Authors: Deborah Coates
The photographs Boyd had taken from Prue’s house showed the inside of an old foundation, and he’d thought when he looked at them last night that the best place to start looking for the particular foundation pictured would be Jasper. It was one place where he knew there were lots of old foundations. But even overgrown and twenty years worn by winter and weather, it was still clear that none of them fit the photographs. Either the dimensions were wrong or the foundations were concrete block or brick rather than poured. There was one larger basement at the western edge of the old town that he thought might be it, but once he was down inside, he could see that the windows weren’t in the right place and he tripped over a furnace pad that was three feet too close to the south wall.
He climbed out, the holds slippery in the continuing sleet and drizzle. He looked east then west, saw a vehicle sitting up on the main road, engine idling, but as he trotted back to his patrol car, the car—black, he thought, and not a sedan—pulled back onto the road and drove off, not in a hurry, more like they’d stopped for a minute for some reason and then gone on.
He considered his situation. He was wet and cold, his waterproof boots weren’t as waterproof as advertised, and he wasn’t even sure what he’d find if he did locate the source of the photographs. He walked back up toward the road, turned when he reached the old baseball field, and looked back. From here he could see all four streets. Could he have missed a foundation? Overgrown as they were, it would be easy enough to do, though the time of year helped, since the native grass and nonnative invasives had been beaten down all winter by wind and snow.
Of course, there were lots of old foundations scattered all over Taylor County. Some of them didn’t have roads or drives or rutted muddy lanes leading to them anymore, places where someone had tried to make a serious go and failed—bankruptcy or fire or tornado had knocked them down and they’d stayed down. Aerial photos might help. And he could talk to old ranchers who not only knew where many of those abandoned places were, but also knew everyone who’d ever lived there and what had happened to drive them out.

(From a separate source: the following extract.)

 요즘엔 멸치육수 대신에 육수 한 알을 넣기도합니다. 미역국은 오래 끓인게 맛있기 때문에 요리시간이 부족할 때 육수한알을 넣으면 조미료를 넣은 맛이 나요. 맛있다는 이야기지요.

He pulled the photographs out of an inner pocket and looked at them again. The poured foundation ought to be a clue. It wouldn’t have been built somewhere too remote. It would be a place someone had spent money on. At least to build it. He returned to his patrol car, backed around, and was almost back out to the road when he remembered the old farmhouse. It wasn’t in Jasper proper, but down a lane and close to the spot where Hallie’s sister, Dell, had died. He reversed back up the old road, his tires slipping on the slick, half-frozen, half-melted surface, turned, and drove along the barely visible track.

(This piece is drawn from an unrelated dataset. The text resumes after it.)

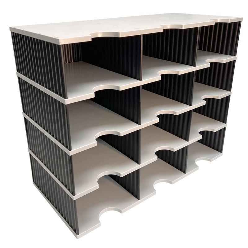 TierDrop High Wall units neatly organize literature, forms, and printer or fax machine supplies in roomy, 9 1/16″w x 5″h x 12 3/4″d compartments, ample room for two full reams of paper. Unlike competitive “1-piece” systems, TierDrop’s modular design allows you to add more slots at any time using 3-Slot High-Wall Add-Ons (sold separately). The unique “ripple” wall design provides strength comparable to steel, but at a lower price. “No-tool” designs allows simple assembly in minutes.
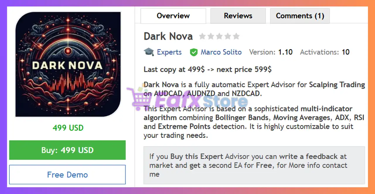 This product is compiled by Marco Solito. This author has more than +8 years of experience working on MQL5 with many famous products such as Dark Nova EA MT4, Dark Nova MT5, Dark Gold MT5, Dark Algo MT5, Dark Algo MT4, Dark Titan MT5, Dark Venus MT5 and others. Among them, Dark Nova MT4 is his best performing products.

Where the house had once stood, there were the remains of two old fireplaces, stacks of scattered bricks from the chimneys. Old timbers lay in the grass and Boyd could see immediately that the house had burned. It didn’t mean that it hadn’t first been hit by the tornado that leveled Jasper, but it had definitely burned, most of the old timber charcoaled and black. It was a deep foundation and definitely poured, weeds and grass growing up through cracks in the floor. Boyd pulled out the photographs. He walked around the opening, careful not to get too close to the edge. There was an
X,
not large, but visible underneath one of the windows on the west side. The second window on that side had a circle inscribed underneath it, both of them faded with the passage of time but clearly visible.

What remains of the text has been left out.